Comic stores are for fans, not readers. But POKEMON comics are available at supermarkets, and bookstores, and toy stores, and PLACES KIDS ARE!!! As popular as Pokemon is, so is Batman (seriously, Pokemon is a wildly popular new fad, but Batman has been a mania equal to Pokemon at least three times during the last twenty years)

Distribute to newsstands, airports, variety stores, Wal-marts, and places where kids and readers are…and you'll get the comics industry back."

Ty Templeton, writer/artist


Let's look at a brief history of comics, as much as I can summarize it without it becoming an article in itself!

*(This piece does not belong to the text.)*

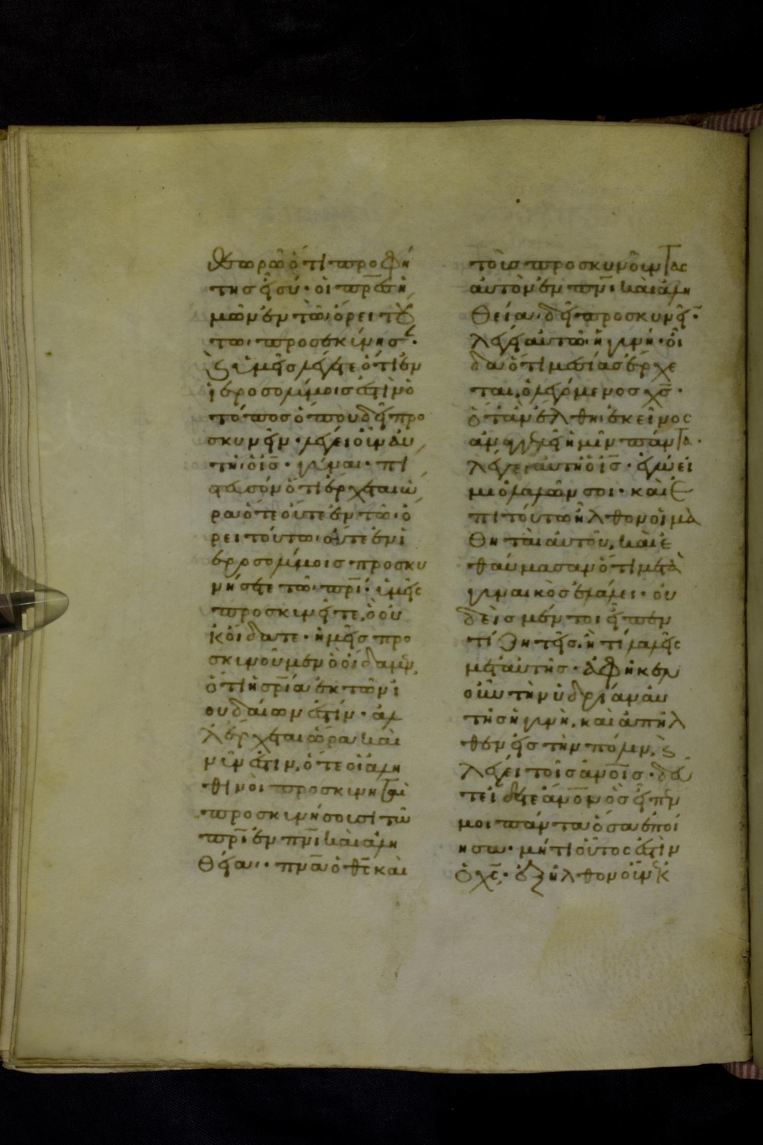 Eleventh century manuscript of the Gospels on parchment; 230 leaves, 2 columns, 25 lines per column. By agreement with the owners of the manuscript, the images posted online are 100dpi. For recent digital images, visit BML Online.

Comics were, for many decades, disposable reading matter aimed at a general audience. They were read mostly by kids, although comics like Superman, Batman, Captain America and others were just as popular with soldiers during wartime (many of them being high school-educated or less). You could find them at dime stores and grocery stores, and you have only to read the countless "I was going to buy candy and instead spent my dime on the captivating Superman comic" stories of fans and fans-turned-pros to know that this played a pivotal role in the success of comic books. Comics were accessible and cheap, and they weren't meant to be collectibles; the many coupons scattered throughout a typical comic make it clear that this was as disposable a purchase as a newspaper. Comics were made to be bent, folded, torn, left on the floor, stepped on and cut up. You could save them if you really liked a story, but you didn't handle them gingerly and place them in a slipcover the moment you were done with them. The comic collector industry which arose over the decades profited greatly from the fact that the vast majority (I'd give a percentage, but I'd be making it up) of comics had been mistreated, cut up, thrown in the garbage or pulped. Action Comics #1 wouldn't be worth $1000s if 95% of the comics published had been bagged with a backer board (or worse, sold in a sealed bag and never read).

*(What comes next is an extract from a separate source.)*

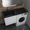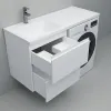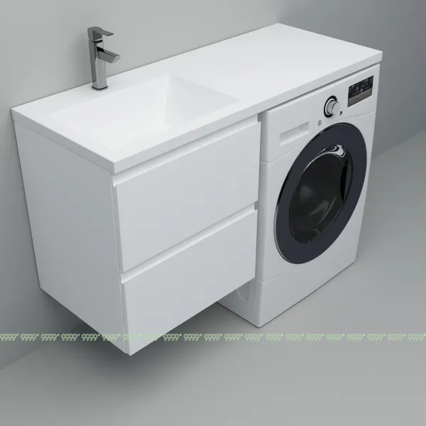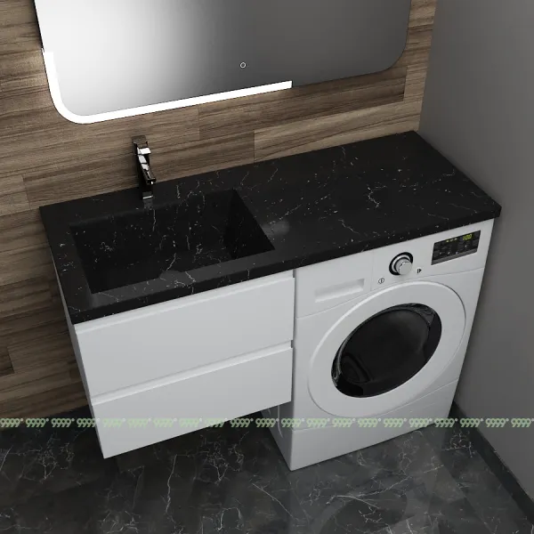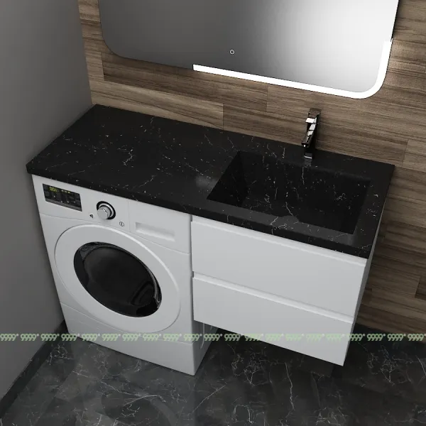 Монтаж умывальника со столешницей из литьевого мрамора над стиральной машиной.

I daresay that if these factors (Widely available, Aimed at a general audience, Cheap as candy and Intended to be disposable) existed today, the comics market would be thriving. As adults who've grown up with the modern market, we'd all gripe about our pet preferences…but they'd be thriving. Let's consider how comics changed over the years.

In the late 1940s and 1950s, readership of superhero comics sagged. While DC's "big three" continued to be published, comics companies focused on a wide assortment of genres, including cartoon, funny animal, cowboy, romance, sci-fi, war, horror and others. Many of these titles, or at least the genres, thrived for a decade or two. Some, such as Sgt. Rock, were published until the late 1980s! However, the emphasis shifted back to superheroes in spades when some now-legendary men like Julius Schwartz, John Broome, Gardner Fox and many other "greats" launched the Silver Age with sleeker, more sci-fi oriented Flash, Green Lantern, Hawkman and Atom superheroes. Around the same time, artists like Steve Ditko, Carmine Infantino, Joe Kubert and Jack Kirby were redefining comic book artwork. No longer was movement staid and confined to a boxlike layout; instead, the characters began to spring off the page! There are entire lectures and books devoted to this revolution in art, so I won't try to recap it in a sentence.

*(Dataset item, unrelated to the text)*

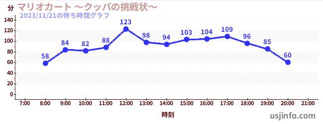 • マリオカート ~クッパの挑戦状~$B$N(B2023年11月21日の待ち時間

Notice one important point, here. The content of comic books was improving, and sales were good. But comics were still cheap, disposable, available at local stores…and intended for a general audience. No one would dare say that these writers didn't possess large vocabularies and intelligent writing skills…they simply aimed for the proper audience. Teens and adults COULD enjoy them…but kids were never left out. All dialogue was kept at an elementary school level. Scientific concepts were explained to the reader. Editor's notes informed readers of information they may need to understand a character's past or what happened last issue. The splash page summarized the character so that new readers knew what the book was about. And there was a veritable science to the structure of a book, from the front cover to the end of the story. Editors had a list of cover elements which sold comics (gorillas, fire, motorcycles, a question posed to the reader, a main character crying, dinosaurs, the color purple, etc…as Mark Waid revealed in Secret Origins #40, the all-monkey issue). There was always action on the inside page, even if it was only a splash page showing action that wouldn't occur until later in the book.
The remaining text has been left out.